Why does CINOA oppose these proposals?

CINOA believes that the proposals are totally misguided for the following reasons:

  • Studies have shown no significant funding links between terrorists and works of art including antiquities and manuscripts.
  • Damaging the 99% of the art market trade that has absolutely no connection to the illegally occupied countries of the Near East is illogical. The worldwide trade in classical and pre-classical antiquities from the Mediterranean and the Near East represents less than 0.5% of the world art market.
  • The registration measures would add costs and paperwork to the operation of art and antiques businesses throughout Europe, particularly dealers participating at art fairs abroad.
  • The measures for controlling antiquities and manuscripts would add major delays and uncertainty to the imports of artefacts, irrespective of their cultural significance or value.

 

Money Laundering Directive to extend to sellers of works of art

 

The European Union's existing Money Laundering Directive treats any business trading in goods and accepting or paying €10,000 or more in cash as part of a “regulated sector”.

It has been proposed that the regulated sector be expanded to include all traders in works of art carrying out transactions of €10,000 or more, irrespective of the method of payment, e.g. whether by cash, credit card, bank transfer or cheque.  A series of lower value linked transactions adding up to €10,000 or more would also be covered within the regulated sector.

 

What does being in the "regulated sector" mean?

Among other things traders in one of the regulated sectors are required to:

  • Identify the buyer or seller of goods and verify their identity (e.g. from identity card or passport.)
  • Identify the underlying beneficial owner, if that person or legal body is not the same as the buyer or seller. This would include asking an art agent to reveal the name of their undisclosed private client.
  • Obtain details from the client of the purpose behind the business relationship.

 

Why does CINOA oppose these proposals in their current form?

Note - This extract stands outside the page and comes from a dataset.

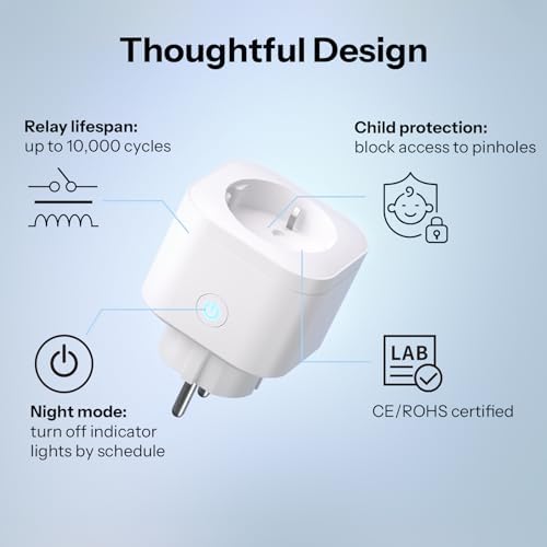 | Feature | Sécurité et fiabilité – Cette prise WiFi intègre des protections intelligentes contre surcharge et court-circuit. Sa conception robuste assure une utilisation sûre et durable, garantissant une prise connectée fiable au quotidien. |

Unless the proposals can be amended (or simplified due diligence applied), CINOA believes they could be very damaging for the following reasons:

  • Compared to other sectors there is little evidence to suggest that the art market is linked to money laundering and/or terrorism financing.
  • EU law already places a duty on traders to report any suspicions of money laundering to the authorities.
  • The €10,000 threshold is too low and will involve too many transactions with a small risk of being connected to money laundering. Additionally, under the existing EU Directive most traders must already use payment methods that involve a bank, providing an audit trail for all money transfers.
  • Because of the "linked transactions" rule many low value sales could be affected. Traders would need to monitor the extent of purchases or sales with customers in case they exceed the €10,000 threshold, at which point they would need to see and record details of a customer's ID.
  • Art market businesses are mainly microbusinesses employing fewer than 10 people and, unlike banks and financial institutions, do not have the resources to deal with the extra bureaucracy.
  • It is not explained how internet sales could be carried out, when a trader cannot see the original ID card of a new customer in person.